|What heart rates do you usually train at???||benja15|
Jul 30, 2003 6:36 PM
|I just purchased a monitor and have programmed to stay between 140 and 170, but i have found that i can hold levels in the low 170 and have even hit 183 as a max on it. just curious as to what people generally train at|
|re: What heart rates do you usually train at???||spockie|
Jul 30, 2003 7:50 PM
|While heart rates are an individualll thing, training should be done at a low level unless you are doing intervals. New research that came out just recently that most racing that is endurance (including some longer time trails) are done aerobicly by the body as much as possible.
Most folks I know train in the 120-145 range. Although it may not seem like much of a work out, keep in the mind that you are asking the heart to almost double or triple its output (beats per minute). It takes about 4-6 months of CONSISTENT (5-6 days a week) riding to get the benefits of it. If you don't believe me, ask yourself if you have not progressed that far as speed goes, than try my method and give it a few months as i recommended.
|140-170bpm seems a bit high to me but...||pdg60|
Jul 31, 2003 6:23 AM
|there are anomalies out there and you could be one of those freaks.
How many years have you been riding?
Do you ride every day of the week and is the 140-170 where you ride all your rides?
Do you know your lactate threshold (even an estimate)?
For most endurance rides I try to keep it below 155bpm.
Do you race?
I've heard a cliche something like "most people don't go easy enough on their easy days or hard enough on their hard days".
Something to think about...
|Can't know without knowing your LT...||James OCLV|
Jul 31, 2003 8:09 AM
|Once you have this number, you can determine somewhat accurate HR zones that are *individual* to you. There really are no "rules of thumb" that you can apply to yourself that will work with any degree of reliabilty unless you are "joe average human being".|
|You now have a tool that can prove very beneficial to your||bill|
Jul 31, 2003 8:40 AM
|training, and congratulations to you for that. But, and I really don't mean to be too harsh about this believe it or not, your question shows almost a total misunderstanding of what you're supposed to do with a heart rate monitor.
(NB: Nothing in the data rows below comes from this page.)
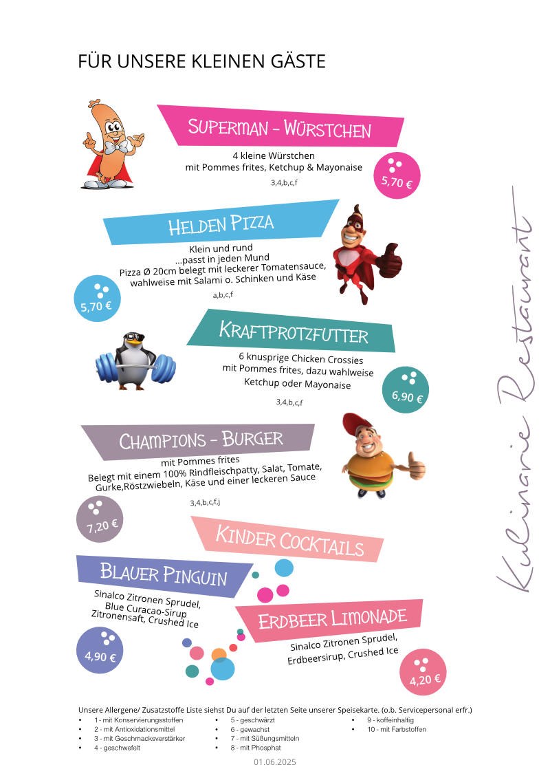 In unserer Speisekarte finden Sie für jeden Geschmack etwas. Wir legen großen Wert auf hohe Qualität und Frische, und das schmeckt man einfach. Natürlich haben wir dabei auch an den kleinen Snack zwischendurch an der Bahn sowie an unsere kleinen Besucher gedacht.
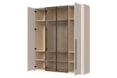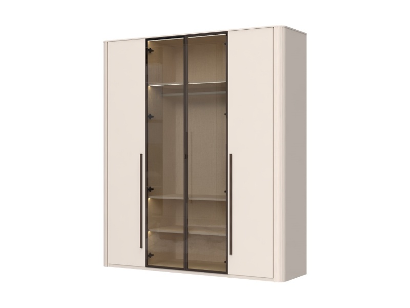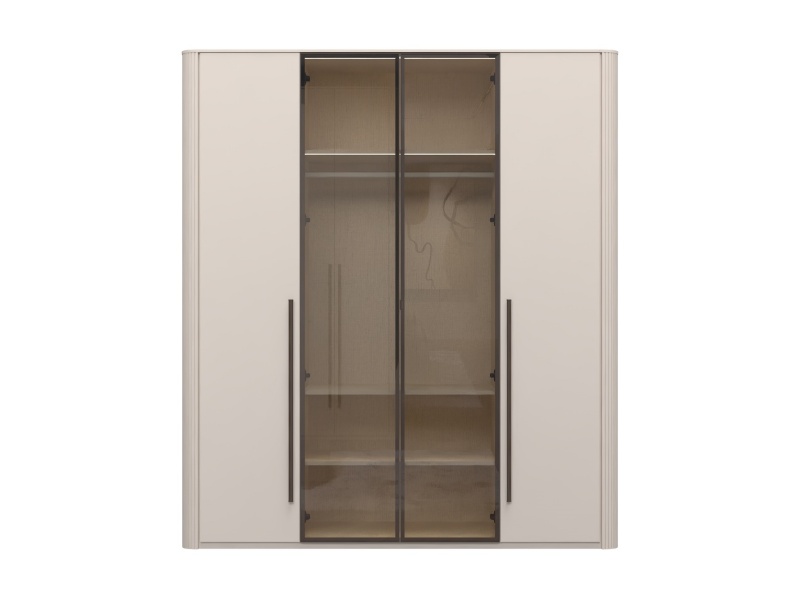 Dulap cu 4 usi cu balamale RONDO 198x225x56cm casmir/ sticla Parsol, manere Midnight Copper
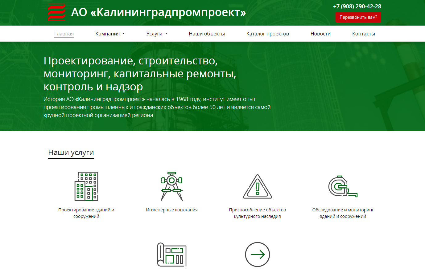 Новый сайт для проектной организации "Калининградпромпроект", которая занимается строительством, капремонтами, мониторингом и надзором за ходом строительства. Корпоративный сайт-визитка, который дает полное понимание о том, чем занимается компания, - лицо любой уважающей себя современной организации.
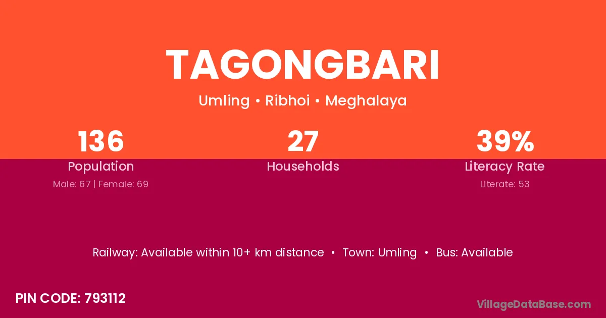 Tagongbari village has a total population of 136 people, of which 67 are males and 69 are females.

You need to read up on this stuff. Some basics --
Everyone's max HR is different and largely genetic. Generally, it lowers as you get older, but you don't know what your max is without some testing. The 220-age equation, and all the refinements, may be sort of kind of true across the population, but it is meaningless to help you determine what yours is. Also, max HR in itself is not terribly relevant to training.
Far more critical for training purposes than max HR are some intermediate thresholds, including your lactate threshold, VO2 max, anaerobic threshold. They are sort of the same, in that they tend to be in the same neighborhood of HR's, but they also are sort of not, because they mean different things. Again, you need to read up.
You train by planning what kind of a workout you need to do to overstress a system to force adaptation. That means that training includes riding the bike, at different intensities for different amounts of times, or, indeed, not. As in rest. So, your question, what HR do you usually train at, is really an unanswerable question. You are supposed to train with a highly elevated HR for one exercise, a low HR for another, and, with some others, with exercises for which HR is irrelevant.